The Change-in-income technique
The concept
Income can be lost due to loss of work from ill health, premature illness or death.
Each of these problems can be caused by environmental effects such as pollution. Income
can be gained due to improvements in health, postponed illness and fewer deaths. If the
changes in health are due to changes in the effect, the loss in health is an environmental
cost and the gain is an environmental benefit. When the relationships between the
environmental effect, health and income can be established, the effect can be valued as a
change in income.
When to use it
The change-in-income method focuses on changes in labour inputs and on wages and
income. The major applications have been to value changes in health-hence the alternate
name is the human-capital approach. Nevertheless, the method has applications for many
other areas.
- Do pollution control regulations increase incomes?
- Do the benefits of pollution control regulations exceed the costs?
- Do the benefits of more stringent regulations exceed the costs?
To resolve the latter question, the monetary values would need to be estimated for the
benefits of improvements in health, prevention of corrosion of buildings and materials as
well as the costs of damage to health and the corrosion of buildings and materials.
The technique has not yet been widely applied in Australia.

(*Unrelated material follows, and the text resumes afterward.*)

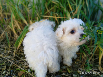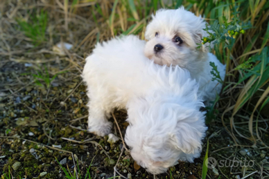Bellissimi cuccioli di Maltese nati da genitori di mia proprietà e quindi visibili i piccoli godono di ottima salute e vengono ceduti alla loro nuova famiglia all' età di due mesi

This method has been used
to estimate the benefits to health from sulphur oxide control in Europe (OECD 1989a,
1989b). The effect on the sulphur oxide concentration of several strategies for pollution
management was predicted and a linear relationship was assumed between reductions of
sulphur oxide and increase in the number of working days. The increase in wages due to
increased pollution control was calculated for each country from the predicted increase in
working days. The benefits of pollution control were identified as the increase in wages.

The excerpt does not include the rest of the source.